Hi, I am trying to compute Hessian matrix by calling twice autograd.grad() on a variable.
It works fine in a toy example:
a = torch.FloatTensor([1])
b = torch.FloatTensor([3])
a, b = Variable(a, requires_grad=True), Variable(b, requires_grad=True)
c = a + 3 * b**2
c = c.sum()
grad_b = torch.autograd.grad(c, b, create_graph=True)
grad2_b = torch.autograd.grad(grad_b, b, create_graph=True)
print(grad2_b)
Output:
Variable containing:
6
[torch.FloatTensor of size 1]
But here is the question, I want to compute the Hessian of a network,
so I define a function:
def calculate_hessian(loss, model):
var = model.parameters()
temp = []
grads = torch.autograd.grad(loss, var, create_graph=True)[0]
grads = torch.cat([g.view(-1) for g in grads])
for grad in grads:
grad2 = torch.autograd.grad(grad, var, create_graph=True)
temp.append(grad2)
return np.array(temp)
It returns an empty list []. Seems like the gradient of grad cannot be computed.
Any help?
g is an individual gradient, but x is a vector of weights.
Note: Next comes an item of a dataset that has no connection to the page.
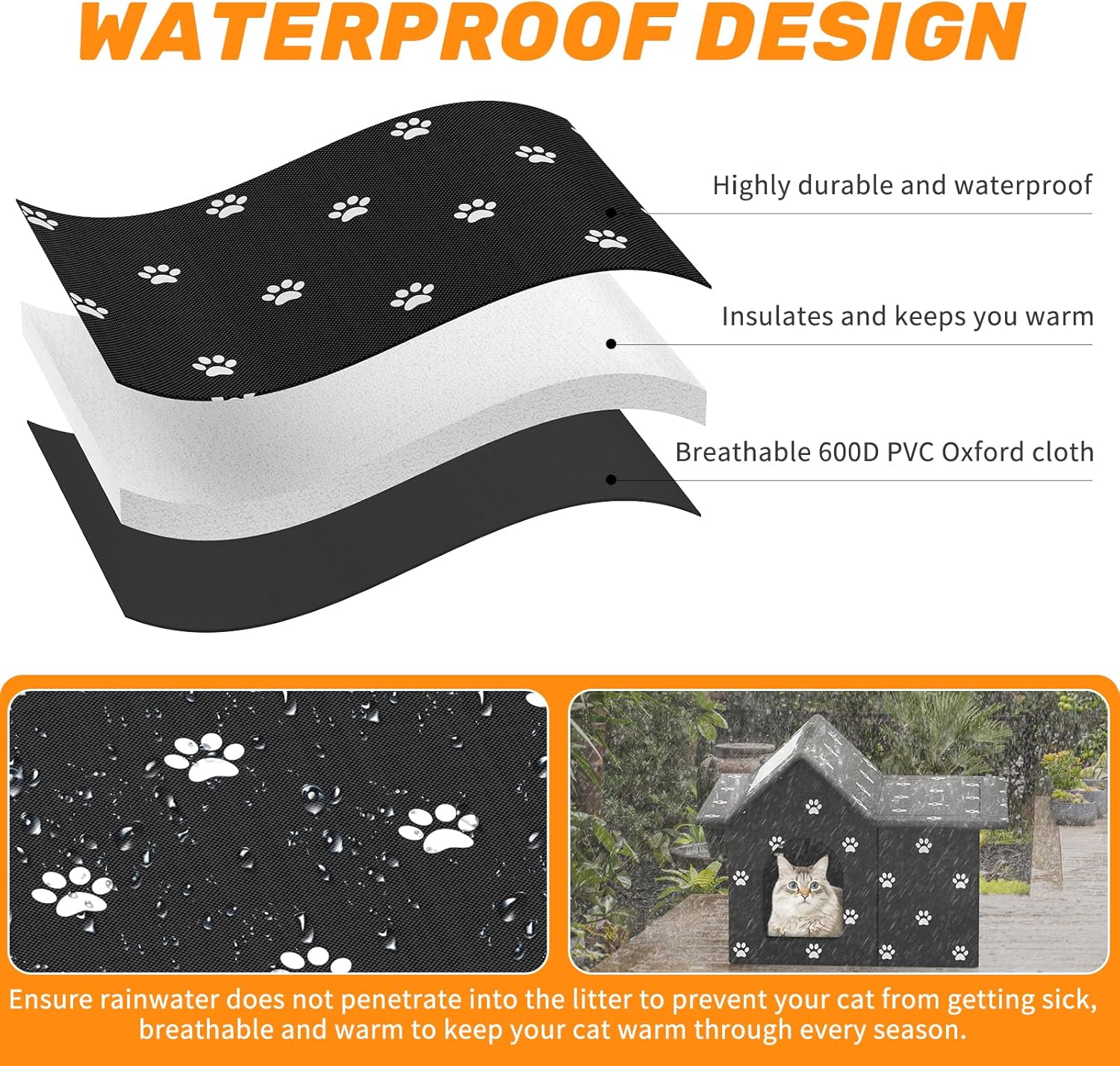 About this item Large Outdoor Cat House: Comfortable cat house, Perfect for outdoor cats and small dogs that sleep In garages, porches, barns, or even in the house. Easy to Assemble: The cat houses for outdoor cats can be easily disassembled and installed in seconds without tools, put in the removable and comfortable pet mat which is attached by silky smooth zipper. Foldable and carrying handle design, easy for you to move and store for out door cat shelter. Waterproof and Stable: Our outdoor/indoor cats house is made of multi-layer thickened waterproof oxford fabric material, which is effective in waterproofing and insulating to meet stray cats' needs for hiding and scratching play. Equipped with 3 grounding plugs to ensure that the outside cat house is stable and not easily blown away by the wind, providing a reliable shelter for stray cats. DIY Design Cat House: The cat house outdoor is designed with waterproof and windproof side door curtains and thresholds to protect pets from winter or rainy days. Innovative DIY cardboard design prevents the outside cat house for winter from being misplaced or discarded. Wide Application: Our outdoor cat house is perfect for both indoor and outdoor use. Whether you want to provide stray cats with a comfortable outdoor space or simply need a cozy place for them to rest in your garage or workshop, our cat house is a perfect choice. › See more product details

Is that intended? Don’t you want to calculate individual second order gradients for each individual weight?
However, if I add x = torch.reshape(x, [-1]) line I get
> g2 = torch.autograd.grad(g, x, retain_graph=True)[0]
> RuntimeError: One of the differentiated Tensors appears to not have been used in the graph. Set allow_unused=True if this is the desired behavior.
Anyone knows what this means?
EDIT: Oh I see that you pick g2[count] afterwards to get the diagonal of the hessian, but I’m still confused why I can’t calculate a gradient of a scalar in respect to a scalar.
I’m using it to penalize growth of second order gradients, so basically the same reason why anyone would penalize first order gradients. In my case it’s to improve noise robustness.
So, it will be integrated in loss function or working as a layer of cnn? Do you have any reference paper using hessian to improve accuracy? I am also interested in classification/detection/segmentation
No, you don’t need to reshape x. Since the graph was memorized in the previous gradient calculation, you should not change x if you wanna calculate high order gradient.
I have checked with solutions of @JIANG_GUOQING and @paul_c, overall, they are slow. The biggest problem stuck with the autograd.grad() can only work on single output. Does anyone has faster solution?
@Yaroslav_Bulatov Sorry for the reply. I believe that is exactly I wanted. If possible, is there any tutorial with pytorch code or code demos that you may know? Thank you so much.
@tengerye even though Gauss-Newton is cheap to compute, the matrix will typically need too much storage to store explicitly, so you’ll additionally need some kind of structured approximation. Here’s an example of computing diagonal and KFAC approximations of Gauss-Newton for linear layers – https://github.com/cybertronai/autograd-lib#autograd_lib
Im looking to efficiently compute the hessian of my loss function with respect to my inputs (only inputs, not weights). Is this a suitable solution? Having some trouble understanding it.